Another disadvantage of the known methods of adjusting the laser power in layer-wise building techniques is that they are agnostic to part geometry. In the LS of a polymer, for example PEKK, the powder is deposed on the bed surface having a thickness of approximately 125 μm. Use of the normally rated laser power for a PEKK material at this thickness during LS causes penetration into sub layers of the LS bed, thereby providing additional heat energy to the layers directly below the point of incidence. The area below the point of incidence that is affected by the energy input by the laser is commonly referred to as the heat affected zone or HAZ. In the case of PEKK and other PAEK polymers, the HAZ is typically between 1 and 5 layers below the point of incidence, depending on the laser power, the material, and the thickness of the layers.
The inventors have discovered that the HAZ can have significant impact on part geometry, particularly as it relates to the construction of voids in the object for construction. For example, when constructing such voids in an object a plurality of layers having a continuous area of unsintered material are deposed on bed. The unsintered material will ultimately be removed when the build is complete, leaving a void that is defined by the surface of the surrounding material sintered during the process. Typically, the void will be defined by an upper surface.
A disadvantage of the known methods of LS is that when sintering a downskin layer the HAZ will cause layers below the downskin to become sintered and/or to adhere to the object that is being constructed, causing the geometry of the complete part to materially deviate from the geometry specified by the CAD model. This effect can be particularly disadvantageous in the manufacture of parts requiring tight tolerances. For example, Oxford Performance Materials, Inc., based in S. Windsor, Conn., uses the LS technique to manufacture customer medical implants from PEKK, including its OsteoFab® Patient Specific Cranial Device (OPSCD), OsteoFab® Patient Specific Facial Device (OPSFD), and OsteoFab® Patient Specific Facial Device (OPSFD). Oxford Performance Materials, Inc. also manufactures aerospace components and industrial components using the LS layer-wise method. In these applications, ensuring that the constructed part conforms geometrically to its CAD model is essential. After a part is constructed, its geometry can be compared to the CAD model using a number of different techniques.

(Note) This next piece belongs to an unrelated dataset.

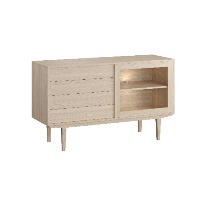 Flot ny let skænk i eg hvidolie med 4 x push up skuffer med soft close samt 1 x skydelåger Finde med fast låge eller med Glas låge hvor der kan lægges Led lys og transformator ( tillæg kr. 495 ). Mål 130 x 80 x 44 cm

Another disadvantage of the known solutions is that they do not account for reverse heating in the area of underhang, i.e., the reverse of an overhang. Reverse heating causes unwanted interlayer fusion in subsequent layers. Although less pronounced, the latent heat in a recently sintered portion of a layer will cause an immediately adjacent and unsintered portion in a subsequent layer applied above to become adhered to the underhang, resulting in an additional deviation in part geometry.
Accordingly, there is need for an improved system and method for the manufacture of an object by LS.